Сусанов прислушался. Где-то совсем рядом послышалось бормотание:
— Здесь бу-удет мо-ост… Сюда они не пройду-ут.
Вдоль окон пробирается тень. Сусанов узнает военного инженера, человека, потерявшего разум. Днем его уводили в комнату к таким же бедолагам с тихим помешательством, а по ночам он выходил и начинал бродить по казарме.
«Что ждет его? Что ждет нас?» От тягостных мыслей у Сусанова вновь зазвенели колокольчики. Сквозь их неумолчный звон было слышно, как жалобно стонет Кузьмич из Тулы. Под Ельней он храбро стрелял по убегающей вражеской пехоте, видел трупы фашистских солдат, а здесь виновато смотрит по утрам на Сусанова, когда тот вытирает за ним нары. Обезножел в бою, мается, шевелит посиневшими губами: «Жить страшнее, чем умереть». Глядя на него, Николай сам извелся, не зная, чем же помочь Кузьмичу.
А вот заворочался «дрягун». Так прозвал его Сусанов за то, что он хотел поймать крысу, грызущую по ночам его гнойную рану. «Зачем она тебе?» — как-то спросил Николай. «Съем, — не моргнув ответил «дрягун» то ли в шутку, то ли всерьез. — Вот только бы изловчиться поймать». Кто он, выбитый из колеи человек? Откуда? Как попал в плен? Никому ведь не сказывает. И не удивляется такой скрытности Сусанов, знает, что со сменой обстоятельств меняется и поведение людей. Все, что в мирное время скрыто, завуалировано, — на фронте непременно проявится, а уж в плену и подавно. Сильные нередко молчунами становятся, а слабые болтливыми. Вон Вася казался неунывающим, таким балагуром, ну просто мастак на разные побаски, а нагрянула опасность и… стал просить Лопухина не посылать его в подкоп. А ведь вместе рыли туннель, и было какое-то стремление… Тяжко было, голова кружилась, а вот чтобы страх тобой владел — страха не было. И считалось, что раз есть цель, то и переживания отходят в сторону. Но вот стоило только забить все то, что в последнее время с таким великим трудом сооружали, — и человек на попятную. Испугался, потерялся… Вот и пойми его, разбери, когда он себя ненавидит, а когда собою дорожит.

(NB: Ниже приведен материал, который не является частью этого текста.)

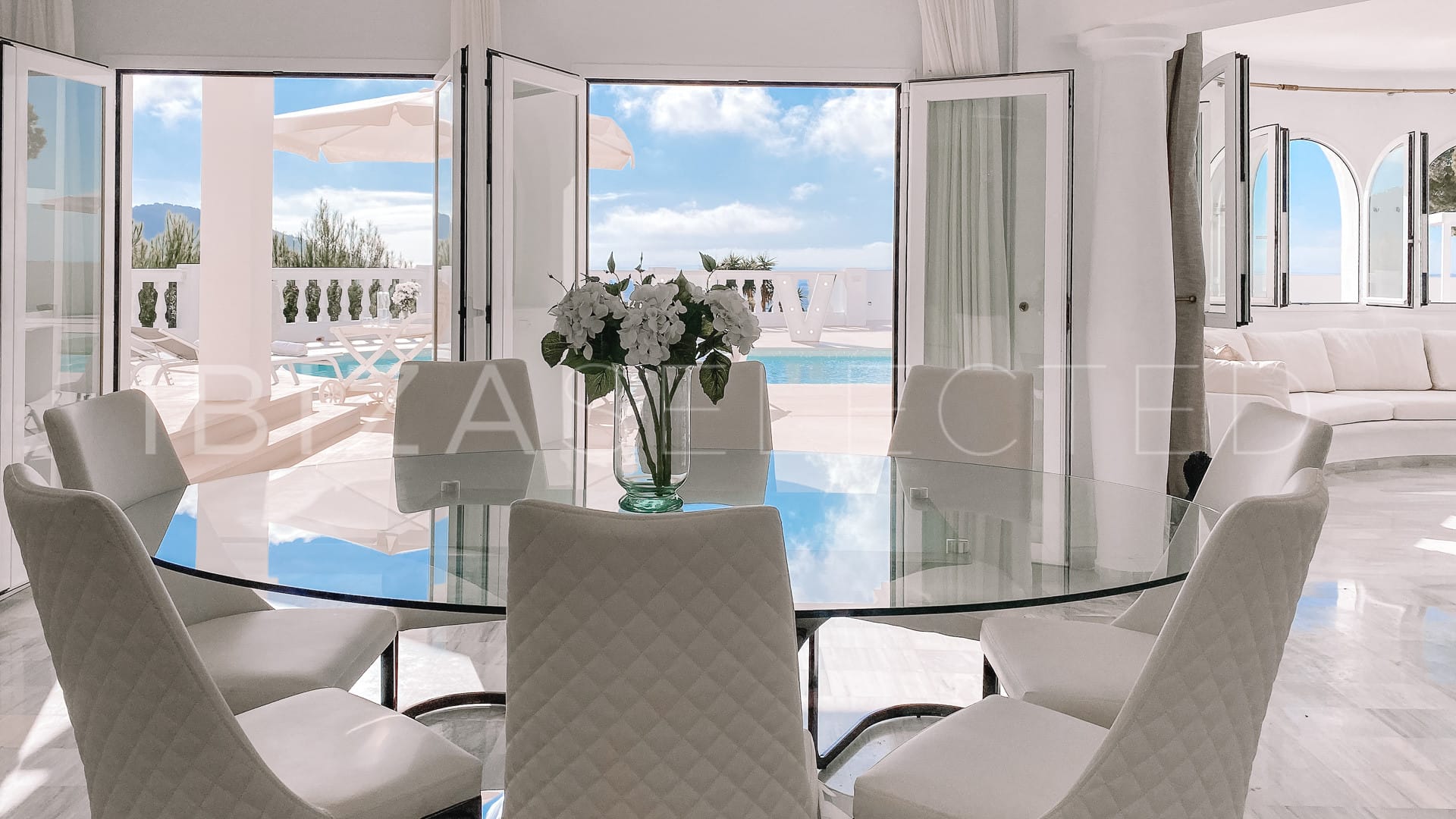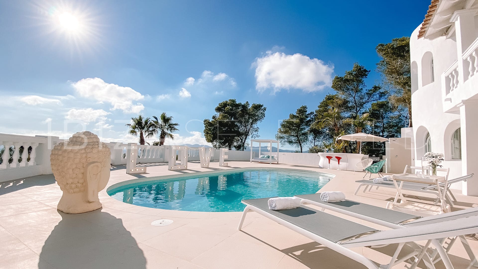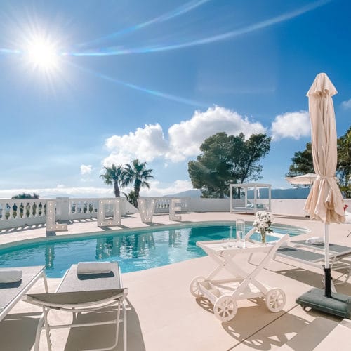 Villa The White Pearl is located in the Can Furnet urbanization, a secure area less than 10 minutes from Ibiza’s vibrant city centre. First-time visitors to the property are always amazed by the endless expanse of views. The perfectly chosen location of Villa The White Pearl means that sunrises and sunsets become a real natural spectacle.

Слева к Сусанову приткнулся Ломакин, музыкант, близкий ему человек. О чем только не переговорили за тягостные дни пребывания здесь. «Ты и под Керчью был в музкоманде?» — спросил его как-то Сусанов. «Сначала там, а стало туго, всех писарей, поваров, музыкантов собрали и с винтовками наперевес…» Укрывшись одной шинелишкой, все теснее притирается Сусанов худыми боками к нему, пока не забывается в тягостном сне. И снится ему опять тот самый дом у развилки. Сержант-батареец командует: «По пехоте, прямой наводкой, беглым, ого-онь!» Из окна, заложенного ракушечником, стреляет пушка, в амбразурах стрелки ведут огонь из автоматов и винтовок, а немецкие автоматчики осаждают дом. Связь с КП прервана, но он, сержант Сусанов, все еще надеялся, что на КП услышат его крик: «Танки от Сапун-горы свернули влево по ходу!» Во сне, как и наяву, приходится отходить под прикрытием дыма, когда все сорок восемь снарядов уже израсходованы, а пушка подорвана. И вдруг от этой мысли — как же сержант может командовать, если нет ни пушки, ни снарядов? — Сусанов вскочил, ошалело смотрит вокруг.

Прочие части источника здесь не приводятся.